Numpy: BUG: Setting the mask on a view with mask=nomask does not propagate to the owner

Created on 27 Jun 2016 · 4Comments · Source: numpy/numpy

Here is the issue I run into during my work
The problem with the mask when it is not set

>>> a =np.arange(6,dtype=np.float64).reshape((2,3))
>>> a
array([[ 0.,  1.,  2.],
       [ 3.,  4.,  5.]])
>>> am = np.ma.masked_array(a)
>>> am
masked_array(data =
 [[ 0.  1.  2.]
 [ 3.  4.  5.]],
             mask =
 False,
       fill_value = 1e+20)

>>> am[0][1]=np.ma.masked
>>> am
masked_array(data =
 [[ 0.  1.  2.]
 [ 3.  4.  5.]],
             mask =
 False,
       fill_value = 1e+20)

###--------- doesn't work----------------

>>> am[0,1]=np.ma.masked
>>> am
masked_array(data =
 [[0.0 -- 2.0]
 [3.0 4.0 5.0]],
             mask =
 [[False  True False]
 [False False False]],
       fill_value = 1e+20)

###-------this way it works---------

>>> am[1][1]=np.ma.masked
>>> am
masked_array(data =
 [[0.0 -- 2.0]
 [3.0 -- 5.0]],
             mask =
 [[False  True False]
 [False  True False]],
       fill_value = 1e+20)

###--------now it surprisingly works again--

Linux  3.19.8-100.fc20.x86_64 
Python 2.7.5
>>> np.__version__
'1.8.2'

I know my system is not up to date but I asked a friend who has
and he confirms that issue exists

00 - Bug numpy.ma

Source

MorBilly

👍1

Most helpful comment

Every time I think of nomask, I also think of that Donald Knuth quote, "Premature optimization is the root of all evil."

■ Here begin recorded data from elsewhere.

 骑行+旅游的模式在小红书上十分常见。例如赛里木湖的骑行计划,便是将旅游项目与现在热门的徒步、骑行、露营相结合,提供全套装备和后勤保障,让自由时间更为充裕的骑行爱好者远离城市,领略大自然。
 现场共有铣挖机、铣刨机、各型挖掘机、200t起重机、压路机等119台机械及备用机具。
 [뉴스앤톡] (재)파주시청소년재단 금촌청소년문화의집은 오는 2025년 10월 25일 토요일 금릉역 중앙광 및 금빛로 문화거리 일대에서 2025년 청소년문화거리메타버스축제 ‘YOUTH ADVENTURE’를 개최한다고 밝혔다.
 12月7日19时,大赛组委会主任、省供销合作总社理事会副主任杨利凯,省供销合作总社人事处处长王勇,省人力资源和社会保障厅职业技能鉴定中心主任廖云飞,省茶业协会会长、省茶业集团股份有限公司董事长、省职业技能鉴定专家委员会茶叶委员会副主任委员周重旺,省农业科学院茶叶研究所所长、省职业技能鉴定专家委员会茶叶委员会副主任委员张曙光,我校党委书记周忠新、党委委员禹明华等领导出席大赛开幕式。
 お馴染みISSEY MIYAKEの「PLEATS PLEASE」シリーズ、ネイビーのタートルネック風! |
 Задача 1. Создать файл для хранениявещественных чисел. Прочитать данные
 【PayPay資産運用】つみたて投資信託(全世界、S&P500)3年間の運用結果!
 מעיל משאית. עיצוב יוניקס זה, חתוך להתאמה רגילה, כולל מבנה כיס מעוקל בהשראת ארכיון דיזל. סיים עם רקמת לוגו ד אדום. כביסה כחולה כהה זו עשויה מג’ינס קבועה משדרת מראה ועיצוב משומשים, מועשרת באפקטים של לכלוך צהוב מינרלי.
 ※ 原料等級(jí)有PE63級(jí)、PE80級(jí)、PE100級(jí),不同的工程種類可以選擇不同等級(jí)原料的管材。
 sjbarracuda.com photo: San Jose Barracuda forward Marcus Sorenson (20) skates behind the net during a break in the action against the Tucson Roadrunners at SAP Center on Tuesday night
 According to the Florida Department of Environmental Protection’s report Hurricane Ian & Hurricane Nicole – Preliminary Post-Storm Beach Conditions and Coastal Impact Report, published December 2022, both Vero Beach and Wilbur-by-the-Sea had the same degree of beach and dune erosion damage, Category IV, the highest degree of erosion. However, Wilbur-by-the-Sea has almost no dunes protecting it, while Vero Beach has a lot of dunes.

It seems to me that nomask is no exception. The number of unusual cases one encounters from this behavior is quite large and they are made more difficult to fix because of it.

If it was really such a productive thing to know whether the mask was trivial or not, we could just as easily have a method like has_mask, which caches its result.

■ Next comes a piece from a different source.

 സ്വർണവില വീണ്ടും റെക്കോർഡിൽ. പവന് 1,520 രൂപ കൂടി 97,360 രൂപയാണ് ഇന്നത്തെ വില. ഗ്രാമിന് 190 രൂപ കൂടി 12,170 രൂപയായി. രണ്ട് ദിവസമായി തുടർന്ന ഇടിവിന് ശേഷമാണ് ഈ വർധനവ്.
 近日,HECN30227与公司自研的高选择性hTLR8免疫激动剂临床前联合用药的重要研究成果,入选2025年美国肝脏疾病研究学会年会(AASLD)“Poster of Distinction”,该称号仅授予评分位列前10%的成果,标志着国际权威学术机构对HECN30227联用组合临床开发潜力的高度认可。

Is there any interest in moving towards removing nomask outright?

jakirkham on 29 Aug 2016

👍2

All 4 comments

Confirmed in master (1.12). This is like what #5580 hoped to fix, but as discussed there this particular case is not possible to fix without an overhaul of MaskedArray to remove np.nomask.

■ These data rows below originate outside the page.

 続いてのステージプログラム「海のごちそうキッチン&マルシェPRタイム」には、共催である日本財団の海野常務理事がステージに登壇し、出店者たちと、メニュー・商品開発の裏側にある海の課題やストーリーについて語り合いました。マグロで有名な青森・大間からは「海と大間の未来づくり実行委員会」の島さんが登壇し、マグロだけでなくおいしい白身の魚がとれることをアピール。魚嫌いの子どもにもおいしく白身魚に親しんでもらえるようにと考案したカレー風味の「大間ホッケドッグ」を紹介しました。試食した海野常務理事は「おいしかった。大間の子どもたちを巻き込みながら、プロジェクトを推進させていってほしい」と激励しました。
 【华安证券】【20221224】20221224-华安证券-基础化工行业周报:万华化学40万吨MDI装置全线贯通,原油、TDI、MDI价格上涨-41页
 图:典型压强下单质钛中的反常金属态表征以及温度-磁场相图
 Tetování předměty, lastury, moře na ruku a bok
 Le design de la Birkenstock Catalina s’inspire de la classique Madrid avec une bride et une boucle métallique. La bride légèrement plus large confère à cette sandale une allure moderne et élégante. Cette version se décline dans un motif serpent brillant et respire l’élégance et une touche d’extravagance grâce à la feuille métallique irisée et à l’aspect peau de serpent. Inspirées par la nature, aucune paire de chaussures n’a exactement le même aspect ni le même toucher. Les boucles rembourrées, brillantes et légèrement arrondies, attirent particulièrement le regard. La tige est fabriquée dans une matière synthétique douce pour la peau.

Here's the problem: MaskedArrays sometimes store the mask as an array of booleans, and sometimes (if there are no masked values) store the mask simply as the value False (and np.nomask == False).

The problem is that when slicing a MaskedArray (and getting a view), the mask can only be "viewed" if it is currently an array of booleans, but not if it is the constant "False". So the first time you try am[0][1] = ... the mask is the constant "False" and can't be viewed, so doesn't get updated. The second time you try, the mask is being stored as an array of booleans so it can be viewed, and so gets updated.

Add this to the long list of bugs caused by this nomask design, eg #7588.

ahaldane on 27 Jun 2016

👍1

Every time I think of nomask, I also think of that Donald Knuth quote, "Premature optimization is the root of all evil."

It seems to me that nomask is no exception. The number of unusual cases one encounters from this behavior is quite large and they are made more difficult to fix because of it.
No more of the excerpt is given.